I’m sorry this happened to you. The only thing I can say is that I care about you and love you. Keep moving forward, my friend.

Hey Hbus,

First I want to tell you that I love you! You’re freaking amazing, and you’re such an encouragement to me, and you are a needed member of this community and you are wanted here, and you are loved, and your life is valued.

Secondly, I want to sat that I am so proud of you, I’m proud of you for having the courage to come to the support wall, and reach out for love and support! Cause oh my goodness friend you are so worth it! We are not disappointed in you, we are not mad, we aren’t any of things. We still love you the same, and we will be here to walk along side you, and love you!

Now I want to touch on some actually topics of the post. You talk about how you were ten months clean, doing well, and then something happened. There was either an event or set of events that lead you back down the path of addiction, and I encourage you to examine that and see what that “thing” was or “things”. You mentioned working 56 hours, and we talked about it on stream some, how even when you were working before you weren’t working that much, so maybe that’s something to think about and maybe not work so much. Now friend I know that this is not easy. I work ALL THE TIME, plus go to school, have my internships etc. But I want you to know that your mental health declining is not worth that extra money you would be making by working more hours. To someone who loves money, and being able to afford things I want, this is tough. But unfortunately I told my job I couldn’t work full time while going to school because it was destroying me.

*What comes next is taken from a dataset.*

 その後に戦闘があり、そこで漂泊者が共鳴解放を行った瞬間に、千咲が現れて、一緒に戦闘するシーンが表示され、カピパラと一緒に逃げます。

Dan touched on this some in the VOD, but I encourage you to tell your friends, like hey this isn’t the life I want to live. I don’t want to go out and and drink all the time, it’s not good for me. And hopefully your coworkers will be supportive of that, and if not I’m sorry. But don’t get discouraged, or continue just because your coworkers aren’t supportive. This fits pretty close to what I’m dealing with, with my recovery last night. I used to go smoke, and drink and use with my coworker, and with the help of my hs support group that i have in a discord dm, I gained the strength to just tell him hey I don’t want to do this anymore, I don’t want the pills, I don’t want this life.

And honestly he was pissed at first, and I was ready to just continue but I knew I wanted a better life. And I know you know this just as well as I do that recovery isn’t easy, and it’s a daily freaking battle, but we will be here to walk along side you and love you, and support you. I was talking with Nate the other day about this, and we were talking about recovery. And something he said will forever stick with me, and I hope that it gives you hope as well. “Clean days don’t matter, if you don’t have freedom from the addiction in the end.” And it’s so freaking true, desire freedom not days clean. Now this isn’t saying go relapse because days clean don’t matter, but your desire for freedom from the addiction will lead to more days clean. But also remember that relapse is part of recovery.

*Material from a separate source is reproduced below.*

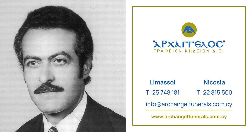 που απεβίωσε την Πέμπτη 26.12.2024, σε ηλικία 86 ετών, κηδεύουμε τη Δευτέρα 30.12.2024 και ώρα 1:00 μ.μ. από τον Ιερό Ναό Αγίου Ελευθερίου στη Λεμεσό και καλούμε όσους τιμούν τη μνήμη του να παραστούν.

Something I struggle with in my recovery is knowing that I’m loved, and important, and I deserve love and support in life despite my relapses. And I hope you know and believe that as well, because it’s freaking true! You are freaking loved!

Hbus, I love you so much. And you mean so freaking much to me, and every time I see your name in discord or the streams it just makes me smile! Your life has value, and you’re so important. Your relapse doesn’t define you, and you can and will get through this! If you ever need someone to rant to, don’t be afraid to shoot me a message on discord! Love you so much! <3

Hold Fast, You’re Worth It
Monkey

~p.s~ sorry for the super long response here, but this topic hits my heart close to home, and I just want you to know I love you, and you’re not alone.